■ Exercise aim
Drop the pictures and restate the rest of the listing word for word.

■ Stored data
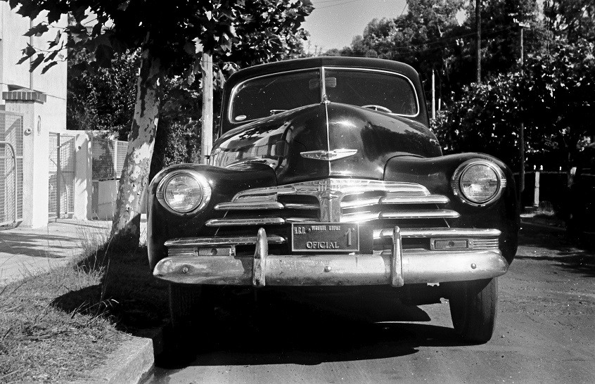 Coche de época con la placa oficial número 1 de Vicente López.
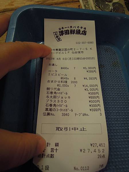 只有お通し, おまかせ料理和競り代金(穴子)是食物, 其他都是飲品, 哦?! 原來你們喝了這麼多, 我只喝了一杯可樂啊!
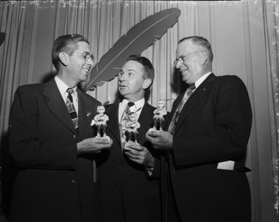 Three Community Chest campaign captains whose teams went over the top on 1951 fund quotas at the first report meeting of the employee division proudly display Red Feather Oscars. Left to right, L. H. Johnson, telegraph and telephone captain; Dick Curry, Convair captain, and Walter W. Craig, state employee's captain. Published in Fort Worth Star-Telegram morning edition, October 12, 1950. Three men wearing tuxedos and corsages on the tuxedos.
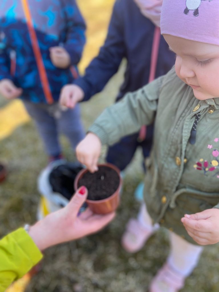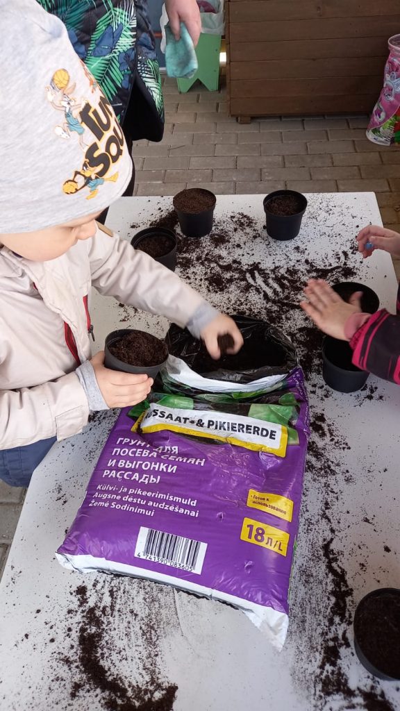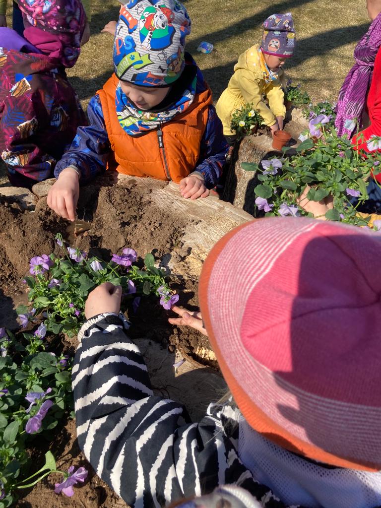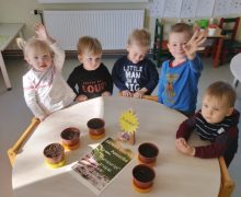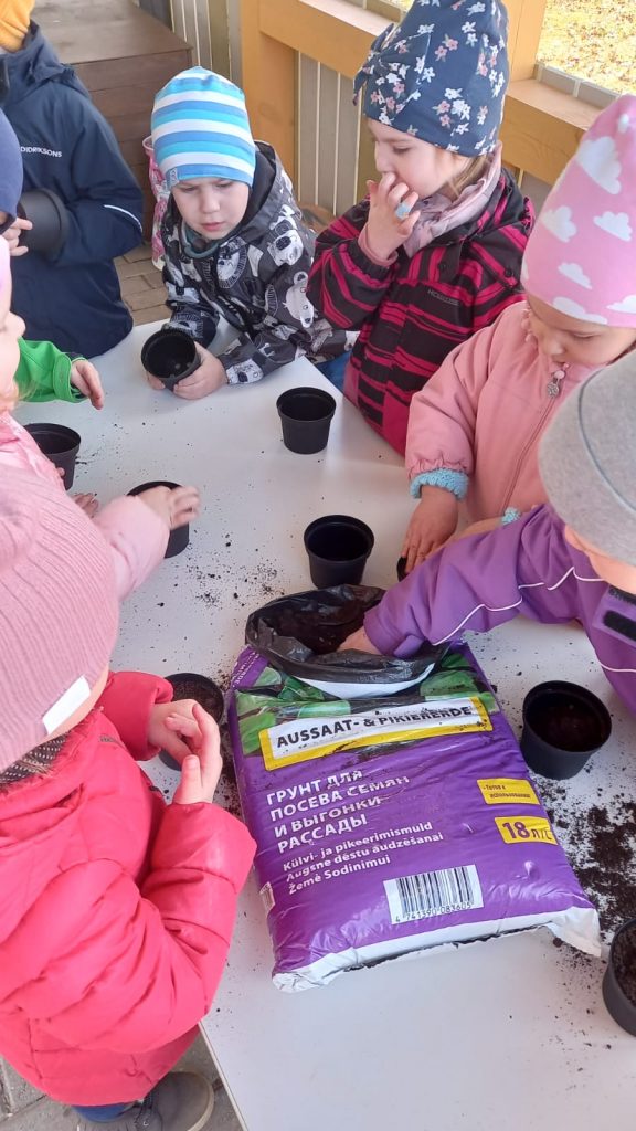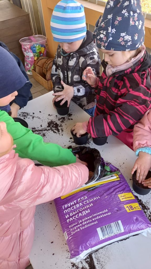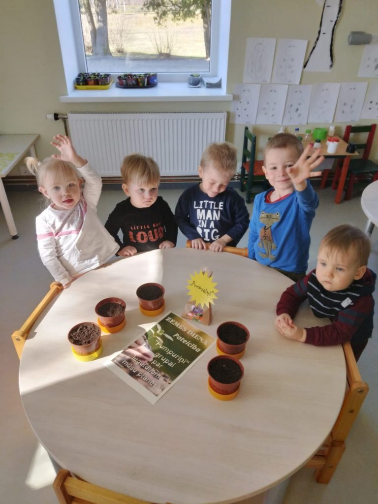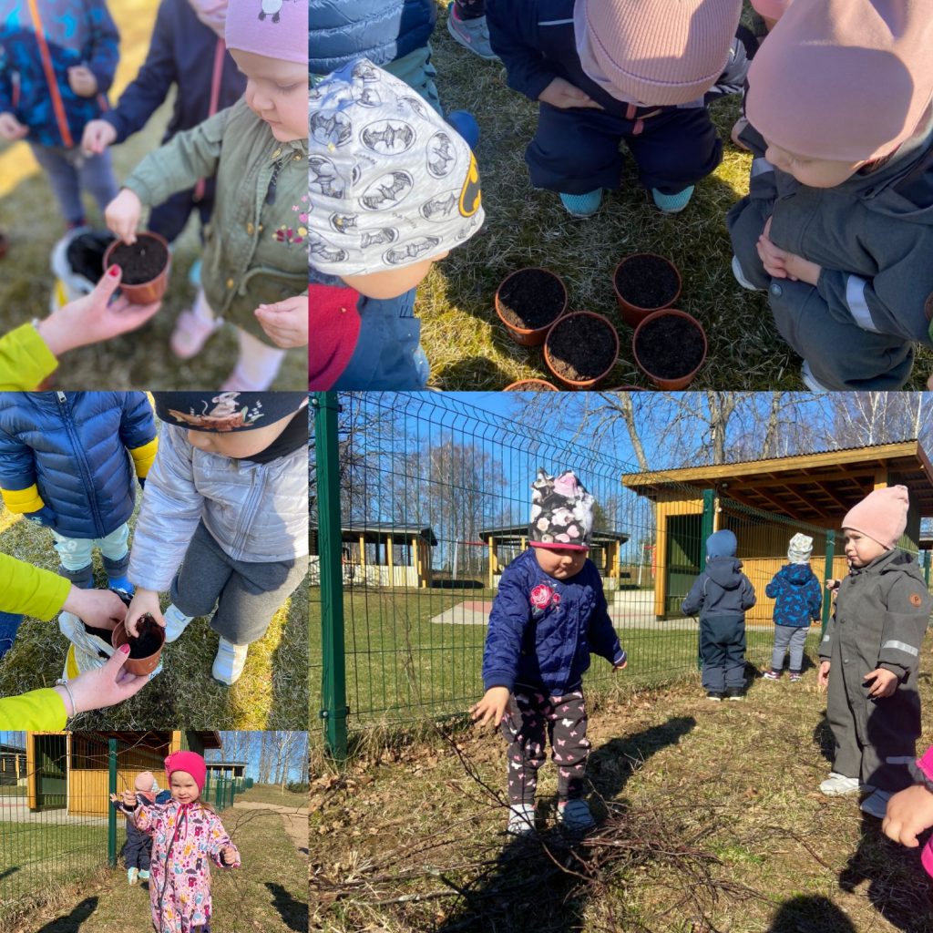 Tāpat arī tika sētas puķes, kuras vēlāk stādīsim iestādes teritorijā – samtenes un saulespuķes. Vai pamanīji, cik skaisti celmi pie iestādes? Par to parūpējās ”Zīļuki” iestādot atraitnītes!

■ Exercise solution
 Coche de época con la placa oficial número 1 de Vicente López.
 只有お通し, おまかせ料理和競り代金(穴子)是食物, 其他都是飲品, 哦?! 原來你們喝了這麼多, 我只喝了一杯可樂啊!
 Three Community Chest campaign captains whose teams went over the top on 1951 fund quotas at the first report meeting of the employee division proudly display Red Feather Oscars. Left to right, L. H. Johnson, telegraph and telephone captain; Dick Curry, Convair captain, and Walter W. Craig, state employee's captain. Published in Fort Worth Star-Telegram morning edition, October 12, 1950. Three men wearing tuxedos and corsages on the tuxedos.
 Tāpat arī tika sētas puķes, kuras vēlāk stādīsim iestādes teritorijā – samtenes un saulespuķes. Vai pamanīji, cik skaisti celmi pie iestādes? Par to parūpējās ”Zīļuki” iestādot atraitnītes!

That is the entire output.